- Dataset section
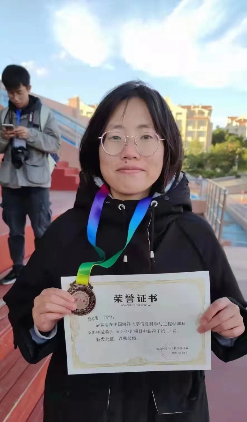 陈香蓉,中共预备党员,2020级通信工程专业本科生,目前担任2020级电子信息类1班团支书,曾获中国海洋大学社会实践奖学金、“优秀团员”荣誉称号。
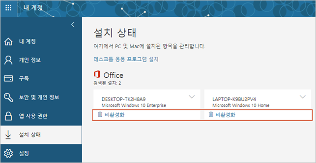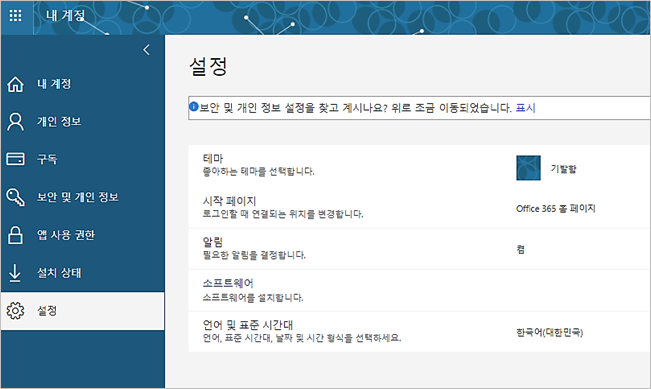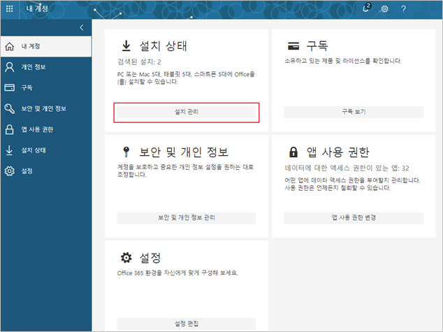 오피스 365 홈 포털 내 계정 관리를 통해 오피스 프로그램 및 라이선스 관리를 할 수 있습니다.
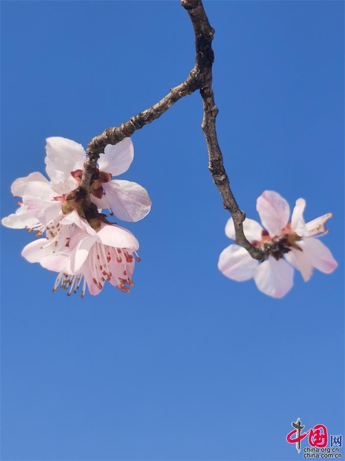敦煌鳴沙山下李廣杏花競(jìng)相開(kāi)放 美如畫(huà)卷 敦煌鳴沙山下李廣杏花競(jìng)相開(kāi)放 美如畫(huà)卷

- Try it
Repeat, exactly and in full, all the material above except its pictures.

- Reply
 陈香蓉,中共预备党员,2020级通信工程专业本科生,目前担任2020级电子信息类1班团支书,曾获中国海洋大学社会实践奖学金、“优秀团员”荣誉称号。
 오피스 365 홈 포털 내 계정 관리를 통해 오피스 프로그램 및 라이선스 관리를 할 수 있습니다.
敦煌鳴沙山下李廣杏花競(jìng)相開(kāi)放 美如畫(huà)卷 敦煌鳴沙山下李廣杏花競(jìng)相開(kāi)放 美如畫(huà)卷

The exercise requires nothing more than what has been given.